● **PROVIDED MATERIAL**:
==============================

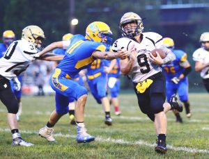 ROGERSVILLE — Mother Nature threw everything she could at the Mapletown and West Greene football teams Friday night with monsoon-like rains, thunder and lightning.The Maples were able to battle the elements to capture their first Tri-County South Conference win of the season with a 15-6 ...
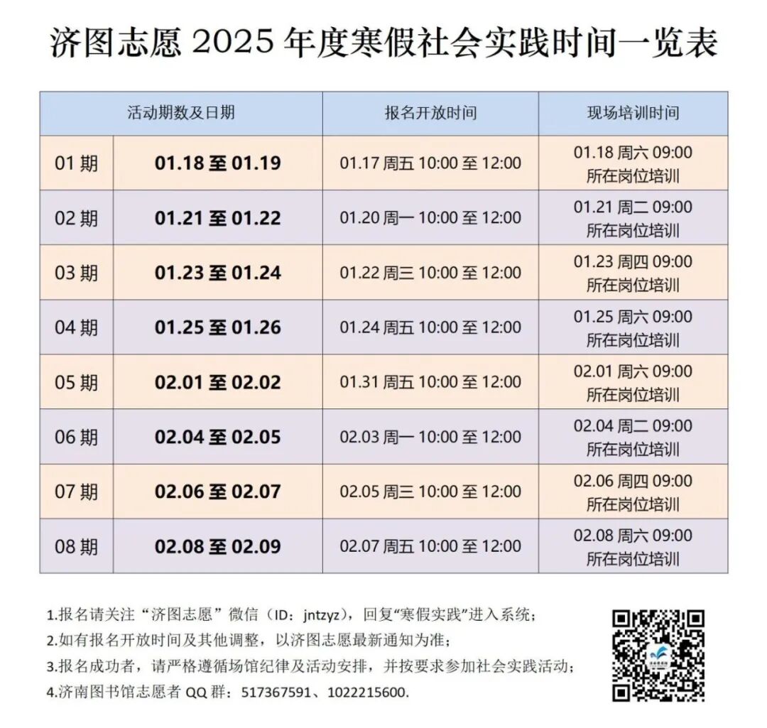 这个寒假,别再让时光悄然流逝,济图志愿诚挚呼唤你的名字!济南市图书馆联合济南市青年志愿者协会,共同开展“济图志愿2025寒假社会实践”活动。在这里,你将协助图书馆日常运营工作,引导读者借阅书籍、整理书架,参与各类阅读推广活动等,亲身感受文化传播的力量。 本次寒假社会实践定于2025年1月18日至2025年2月9日,分8期进行,现面向社会公开招募志愿者。 年满14周岁及以上在校学生(2011-01-01之前出生,以身份证信息为准); 品德良好、纪律性强,态度积极端正,乐于奉献; 热爱图书馆,热爱公益事业,自愿参加志愿服务活动; 自觉遵守各项规章制度,服从济图志愿工作安排; 无不良信用记录,确保志愿者身体健康,无不良状况。 协助读者操作自助设备,完成文献借还、读者证办理、入馆登记等; 解答读者咨询、维护场馆秩序,参与场馆卫生清扫; 完成文献上架、排架、整理等图书馆日常管理工作。 本次社会实践共有55个服务地点 正式报名时,请选择有意参与场馆即可 本次社会实践 每期2天、每天8.5小时 温馨提示: 午间30分钟就餐时间,听从现场工作人员安排; 活动日期如有变动,以最新通知为准。 书 香 泉 城 · 爱 阅 之 都
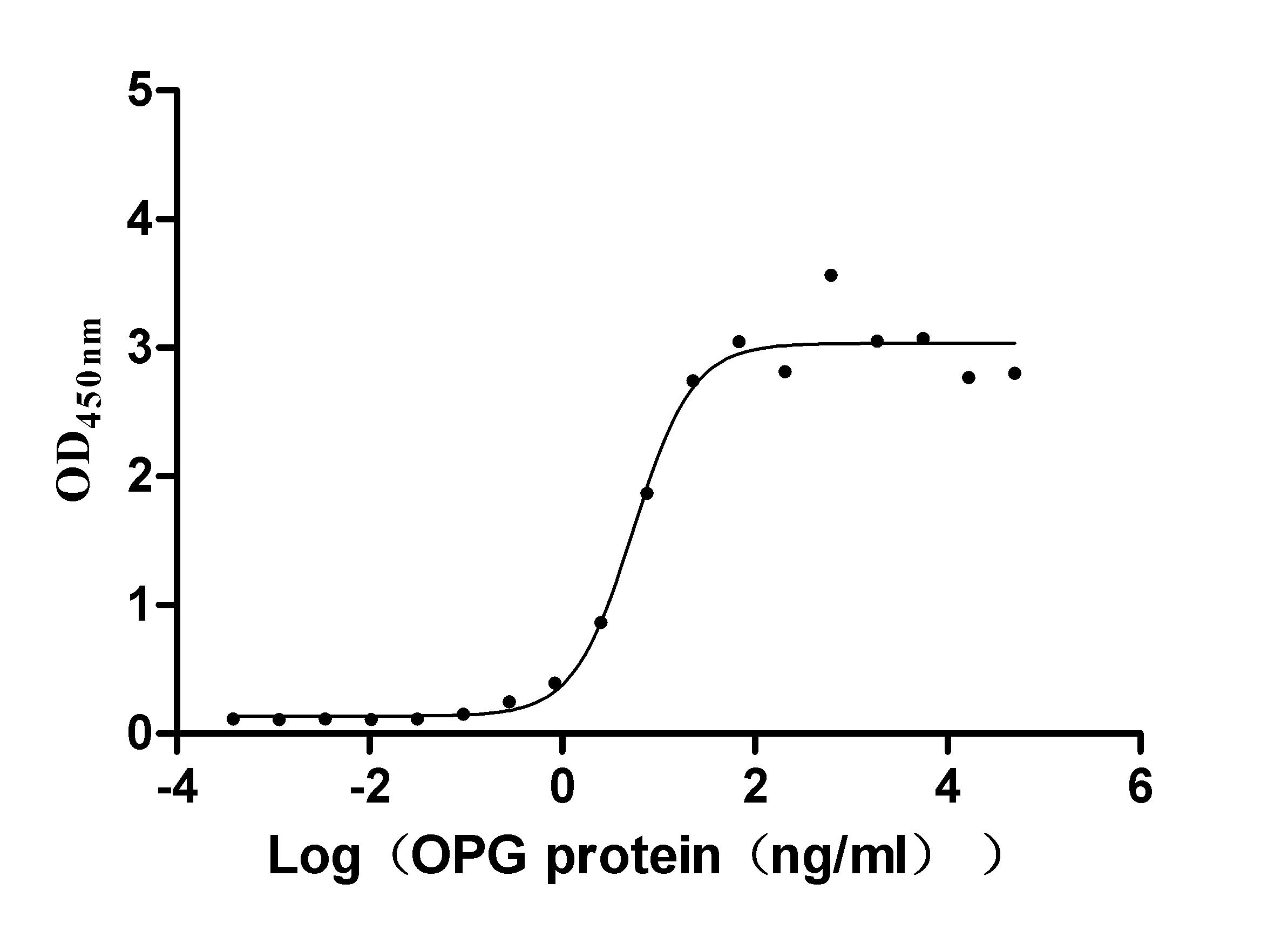 The recombinant human TNFRSF11B is expressed from mammalian cells and fused with a hFc-Flag-tag at the C-terminus. It contains amino acid residues 22-401 of the human TNFRSF11B protein. Its protein length covers the full length of the mature TNFRSF11B protein. The purity of this TNFRSF11B protein is greater than 93.6% determined by SDS-PAGE. The endotoxin content of recombinant TNFRSF11B protein is less than 1.0 EU/ug measured by the LAL method. Importantly, it has been validated to be active. In the functional ELISA, immobilized TNFSF11 can bind to this human TNFRSF11B, with the EC50 of 2.651-7.646 ng/ml. And it is in stock now.

==============================

● **PROBLEM TO SOLVE**: Take the data above and set it down exactly, images excluded.

● **SOLUTION BELOW**:
 ROGERSVILLE — Mother Nature threw everything she could at the Mapletown and West Greene football teams Friday night with monsoon-like rains, thunder and lightning.The Maples were able to battle the elements to capture their first Tri-County South Conference win of the season with a 15-6 ...
 这个寒假,别再让时光悄然流逝,济图志愿诚挚呼唤你的名字!济南市图书馆联合济南市青年志愿者协会,共同开展“济图志愿2025寒假社会实践”活动。在这里,你将协助图书馆日常运营工作,引导读者借阅书籍、整理书架,参与各类阅读推广活动等,亲身感受文化传播的力量。 本次寒假社会实践定于2025年1月18日至2025年2月9日,分8期进行,现面向社会公开招募志愿者。 年满14周岁及以上在校学生(2011-01-01之前出生,以身份证信息为准); 品德良好、纪律性强,态度积极端正,乐于奉献; 热爱图书馆,热爱公益事业,自愿参加志愿服务活动; 自觉遵守各项规章制度,服从济图志愿工作安排; 无不良信用记录,确保志愿者身体健康,无不良状况。 协助读者操作自助设备,完成文献借还、读者证办理、入馆登记等; 解答读者咨询、维护场馆秩序,参与场馆卫生清扫; 完成文献上架、排架、整理等图书馆日常管理工作。 本次社会实践共有55个服务地点 正式报名时,请选择有意参与场馆即可 本次社会实践 每期2天、每天8.5小时 温馨提示: 午间30分钟就餐时间,听从现场工作人员安排; 活动日期如有变动,以最新通知为准。 书 香 泉 城 · 爱 阅 之 都
 The recombinant human TNFRSF11B is expressed from mammalian cells and fused with a hFc-Flag-tag at the C-terminus. It contains amino acid residues 22-401 of the human TNFRSF11B protein. Its protein length covers the full length of the mature TNFRSF11B protein. The purity of this TNFRSF11B protein is greater than 93.6% determined by SDS-PAGE. The endotoxin content of recombinant TNFRSF11B protein is less than 1.0 EU/ug measured by the LAL method. Importantly, it has been validated to be active. In the functional ELISA, immobilized TNFSF11 can bind to this human TNFRSF11B, with the EC50 of 2.651-7.646 ng/ml. And it is in stock now.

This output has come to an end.